Big Data Analytics emerged from the need to process Big Data. It refers to the use of advanced analytic techniques against very large and diverse and complex data sets (structured, unstructured and semi structured) form different sources(Artificial Intelligence (AI), mobile, social and Internet of Things (IoT)).Big Data Analytics enables analysts, researchers and organizations to make better decisions faster using data that was previously unavailable by making use of advanced analytic techniques such as: text analytics, machine learning, predictive analytics, machine learning, predictive analytics, data mining, statistics and natural language processing.
As mentioned earlier, a large percentage of the world’s Big Data has a spatial component either as a single location (geo-tagged, GPS positions) or representation of geographic features using primitives like polygons, line and points. Addition of the location attribute to Big Data means that traditional analysis methods are inadequate in the determination of spatial patterns and correlations. This, however, does not mean that the problems associated with Big Data (volume and complexity) are not present in Big Spatial Data and in some respects magnified. In addition, Spatial analysis is more computationally intensive and the computational requirements can tend to increase depending on the type of analysis being performed.
Big Spatial Data analytics
Regrettably, as mentioned earlier, the need to urgently manage and analyze spatial data is hampered by lack of specialized systems, techniques and algorithms to support such data. For example, while the traditional Big data is supported by a variety of map reduce systems and cloud infrastructure like Hadoop, hive, hbase and spark none of these systems or infrastructure provide any support for spatial or spatio- temporal data. Thus, the only way to support big spatial data is to either treat it a non- spatial data or to write a set of functions as wrappers around existing non-spatial systems.

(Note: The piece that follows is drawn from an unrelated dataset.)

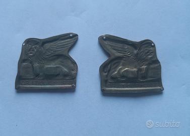 Vendo rara coppia di fregi metallici originali d'epoca (Seconda Guerra Mondiale), appartenuti a reparti della Fanteria di Marina (Reggimento San Marco / Decima MAS). I fregi raffigurano il Leone di San Marco con libro chiuso e il motto "ITERUM RUDIT LEO" (Di nuovo ruggisce il leone). Caratteristiche del lotto: Tipologia: Variante da cucire (presenti i 4 fori originali agli angoli per l'applicazione sulla divisa). Materiale: Ottone/Bronzo stampato con tracce della smaltatura rossa originale sul fronte. Stato di conservazione: Eccellente patina del tempo, metallo integro senza crepe o deformazioni. Il retro mostra la classica lavorazione in negativo della stampa d'epoca. Autenticità: 100% originali, non sono riproduzioni moderne. Pezzi ideali per collezionisti di militaria della Regia Marina, RSI o per completare il restauro di una giubba storica.

In the implementation of Big Spatial Data Analytics three different approaches have been used to overcome the challenges of classical Big Data Analytic tools.
These can be classified as:
a) On-top of approach-This makes use of an existing system of spatial data as the black box/foundation and spatial queries are implemented through user defined functions. It is simple to implement but inefficient since the system is inherently still unaware of the spatial data.

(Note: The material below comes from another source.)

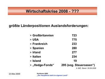 Die USA ist der größte Schuldner weltweit insgesamt, wie ihr sicher wisst. Darauf baut auch ein Teil dieser antiamerikanischen Propaganda auf: Die saugen sozusagen das ganze Geld der Welt auf und geben es aus – ungeheuerlich und überhaupt … China ist in der Tat der größte Gläubiger der USA, da haben wir schon eine Konstellation, die etwas komplizierter ist. Wir betrachten aber die deutschen Banken. Zum Beispiel auch in Island sind die deutschen Banken die größten Gläubiger. Da sind es zwar nur 19 Milliarden gewesen (von insgesamt etwas über 70), allerdings für einen Staat mit 200.000 Einwohnern doch eine ganze Menge.

b) The from scratch Approach-This is where a new system is constructed from scratch to handle a specific application. This approach is very efficient but it’s also very difficult to build and maintain.
c)The built-in approach-This approach extends an existing system by injecting spatial data awareness in its core which achieves good performance while avoiding building a new system from scratch.
In processing Big Spatial data, we make use of parallel distributed processing on clusters of servers. To achieve this, it is pertinent to keep track of all elements that form part of a query and organize the results into a final dataset Map reduce is an algorithm that was developed by google to assist in this.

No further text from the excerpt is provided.